Here’s my explanation for why senior officers always go on away missions.

We don’t get to see much of life on Earth or other planets in Star Trek. We are given to understand that it is pretty much a utopia. We are also told (sometimes) that there is no money, at least by the time of TNG, and Kirk denies having money in The Voyage Home (though arguably he only means cash). People are generally shown to work not for financial gain but for self-improvement. But utopias are boring. Self-improvement is boring. What clearly motivates the people in Star Fleet is adventure. Senior officers are basically administrators. Paperwork and staff meetings aren’t exactly going to satisfy anyone’s need for self-actualization. Without monetary payment why would anyone want to be a captain or a first officer? Because that’s where the action is! Star Fleet discourages starship captains from leading away teams, but they know they can’t actually do anything about it because that is how captains are rewarded - they get to choose the away teams, and as much as possible they choose themselves! Starships clearly have boring duty assignments - characters sometimes complain about them, Captain Picard once called Turbolift control for crying out loud! What a boring job! Why would anyone do it? In the desperate hope that maybe, just maybe, they will someday be promoted to a position that gets to actually beam down to an alien planet just once, even if it’s just as a red shirt to be fodder for the tar pit alien of the week!

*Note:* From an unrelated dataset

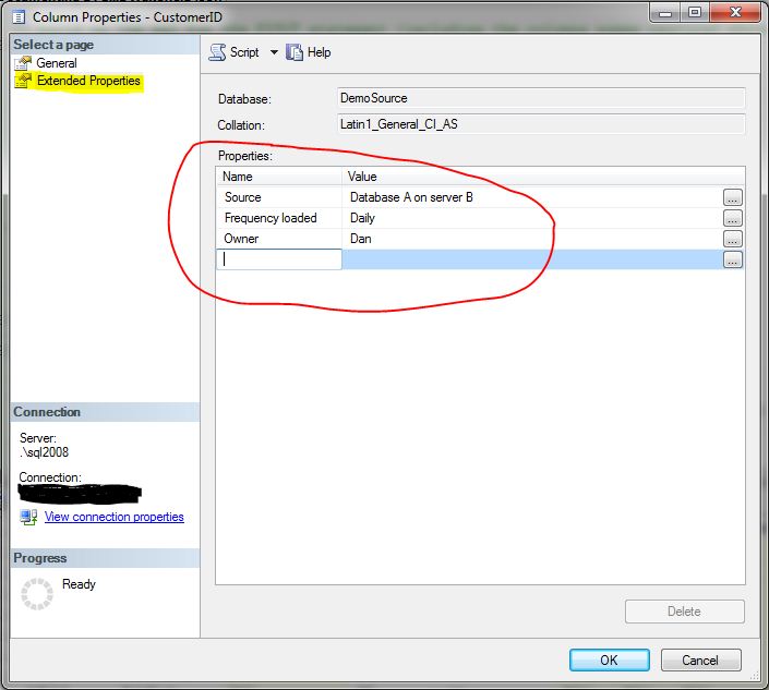 You can add all the extra meta data you require here specific to your project, in this example I’ve added 3 extended properties – Source, Frequency loaded and Owner. I’ve then given these properties values for this particular column.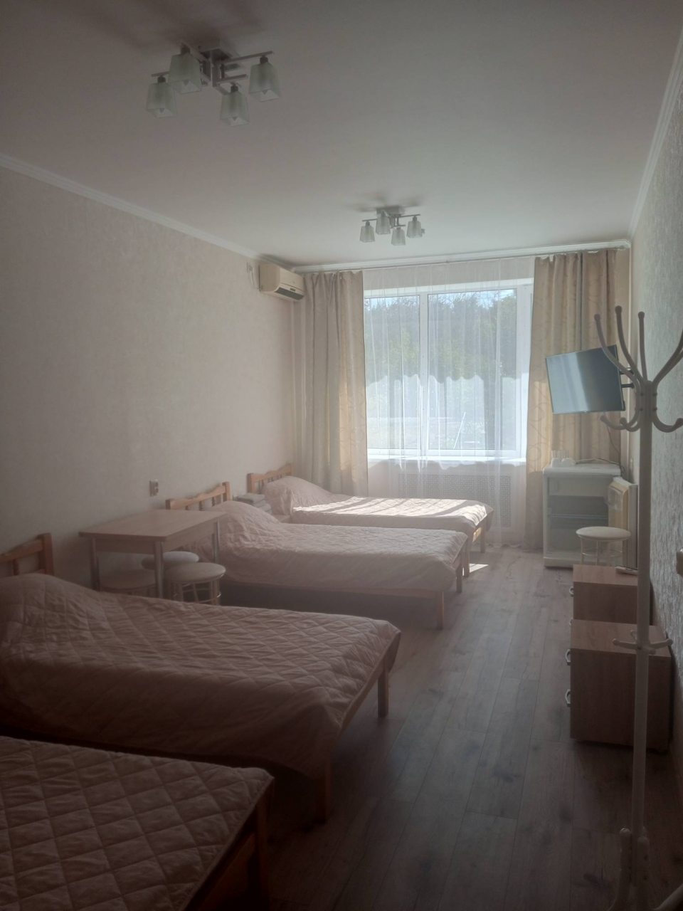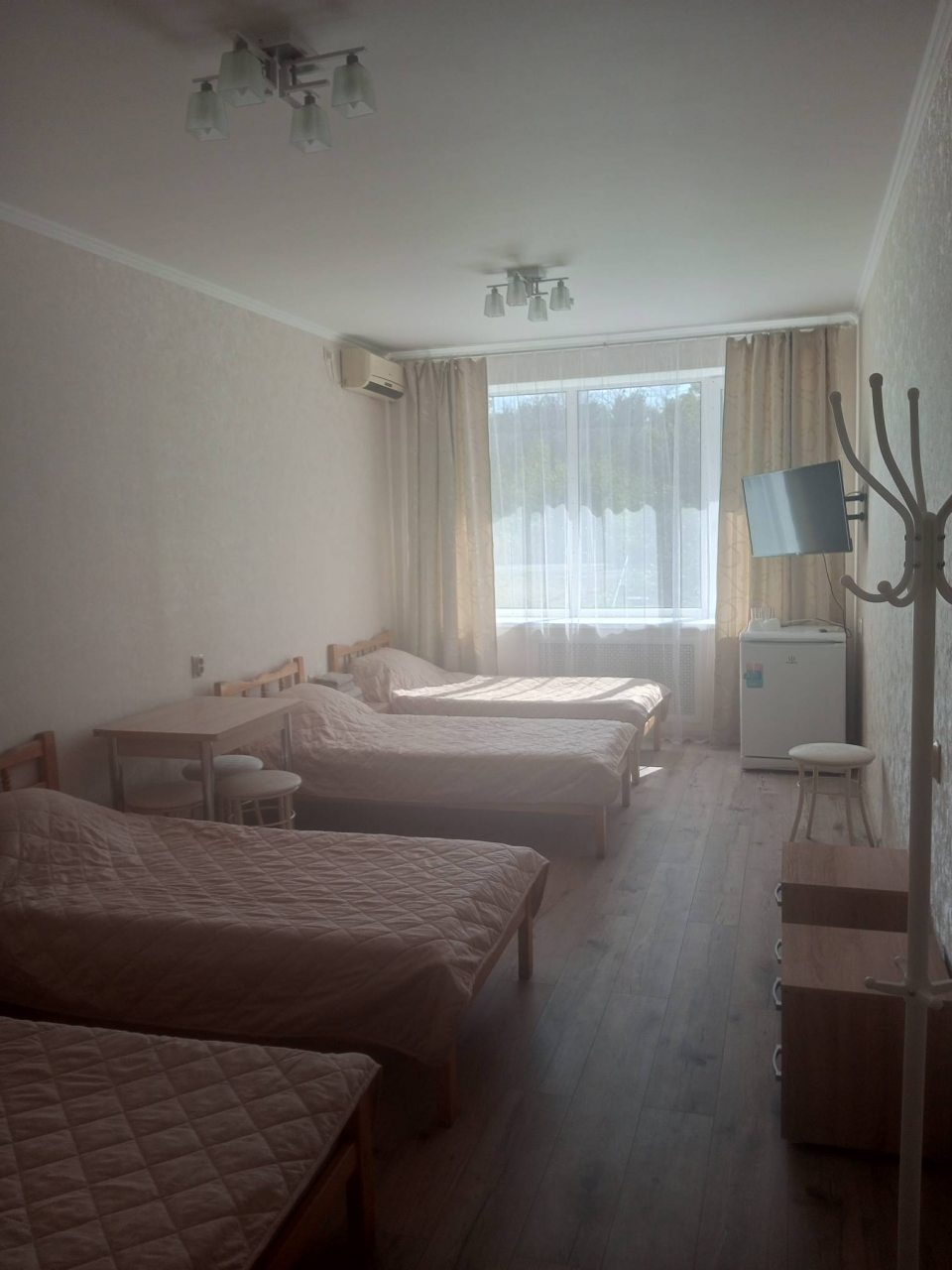 цена на пять человек адекватная, номера новые удивила цена за большой номер хороший сан узел, шикарный диван напротив телевизора, есть кондиционер и приятный персонал, для большой семьи просто спасения, рекомендую однозначно.

It’s often been commented on that most of what Star Fleet does doesn’t even need people! Why not just send down a probe to do reconnaissance? Why send an entire starship to go explore strange new worlds when it could be done much more easily from home? Why are the same five people sent down to explore an entire planet when they get there? Because the only thing that gets people to show up for work at all in Star Trek is the opportunity to do something actually dangerous and exciting now and then! And those opportunities are kept artificially scarce in order to preserve the value of the only currency Star Fleet has available.

Ships can carry only so much weaponry. A few asteroids parked in earth orbit could mount huge guns and massive shields. On the other hand, it makes a stationary target, so the shielding and guns would have to outweigh the lack of mobility.

This has always seemed ridiculous to me too. Why did they bother modeling the ship’s hierarchy after real life? In real life, a captain would NEVER leave his ship, and neither would the first mate. If you model the Star Trek situation after NOAA, or a research ship, which it most resembles, the people leaving the ship to “gather data” are most certainly not the “operations” officers responsible for running the vessel and keeping it afloat.

If they were going to behave in odd ways, Roddenberry shouldn’t have named a captain or first officer - it would have been more appropriate to invent some new functions for his main characters.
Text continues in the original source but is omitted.